Crossrail searches disused east London tunnel for WWII bombs

Connaught Tunnel
Image caption The Connaught Tunnel was built in 1878 and runs under the Royal Docks

A disused tunnel under the Royal Docks in east London is being searched by Crossrail for unexploded World War II bombs and devices.

The 550-metre Connaught Tunnel, which was built in 1878, is part of the planned Crossrail route.

Experts are checking the tunnel to see if any devices remain in the soil after it was hit by a bomb in 1940.

Armoured vehicles are being used to search the tunnel which was used by trains until 2006

Reconstruction work on the Connaught Tunnel, which was used by the North London Line, will begin in 2013 after the ordnance checks.

'All clear'

The work to bring the tunnel into use is expected to cost £50m.

Crossrail said its initial survey did not reveal the likelihood of any devices being present and the dock floor above the tunnel was given the "all clear" by divers.

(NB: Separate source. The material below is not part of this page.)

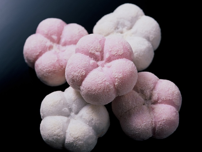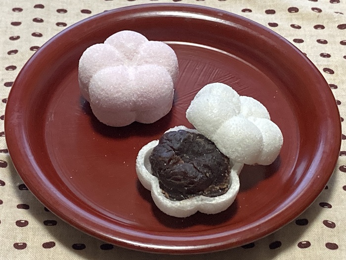 そしてもうひとつ、紅白のもの。梅の形をした紅白のもなかで「福梅(ふくうめ)」という和菓子です。大きさは店によって違いますが、概ね4センチほど。餅米を使った皮には雪を模した砂糖が薄くまぶしてあり、中のつぶあんには飴が練り込まれています。そうです。ご想像通り、ものすごく甘いのです。これは、和菓子職人に正月休みを与えるため、日持ちを良くする必要があったからだとか。

Linda Miller, Connaught Tunnel project manager, said: "We know from existing maps where bomb drops occurred in London during the 1940s and many ground surveys have also been undertaken over the decades.

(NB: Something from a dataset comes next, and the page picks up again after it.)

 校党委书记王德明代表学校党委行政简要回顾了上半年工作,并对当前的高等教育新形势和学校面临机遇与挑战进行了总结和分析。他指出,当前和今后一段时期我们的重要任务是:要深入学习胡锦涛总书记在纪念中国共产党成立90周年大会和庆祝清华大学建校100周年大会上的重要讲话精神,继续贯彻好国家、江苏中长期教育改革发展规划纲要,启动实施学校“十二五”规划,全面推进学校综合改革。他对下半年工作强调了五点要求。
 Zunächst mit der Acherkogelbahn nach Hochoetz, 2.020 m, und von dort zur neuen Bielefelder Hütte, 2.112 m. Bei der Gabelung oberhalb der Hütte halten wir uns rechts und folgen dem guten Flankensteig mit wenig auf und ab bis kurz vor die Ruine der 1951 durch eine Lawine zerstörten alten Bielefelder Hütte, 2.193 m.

"Ahead of major refurbishment work on the Connaught Tunnel commencing, we will be undertaking further detailed checks to identify whether there are any remaining devices that are yet to be uncovered."

Similar ordnance surveys will be carried out in its other sites in east London which were targeted during the war.

Archaeologists will also study the area to locate any historical artefacts.

Crossrail, which is due to open in 2018, will connect Maidenhead in Berkshire to Shenfield in Essex, passing through central London, with spurs going up to Heathrow and Abbey Wood.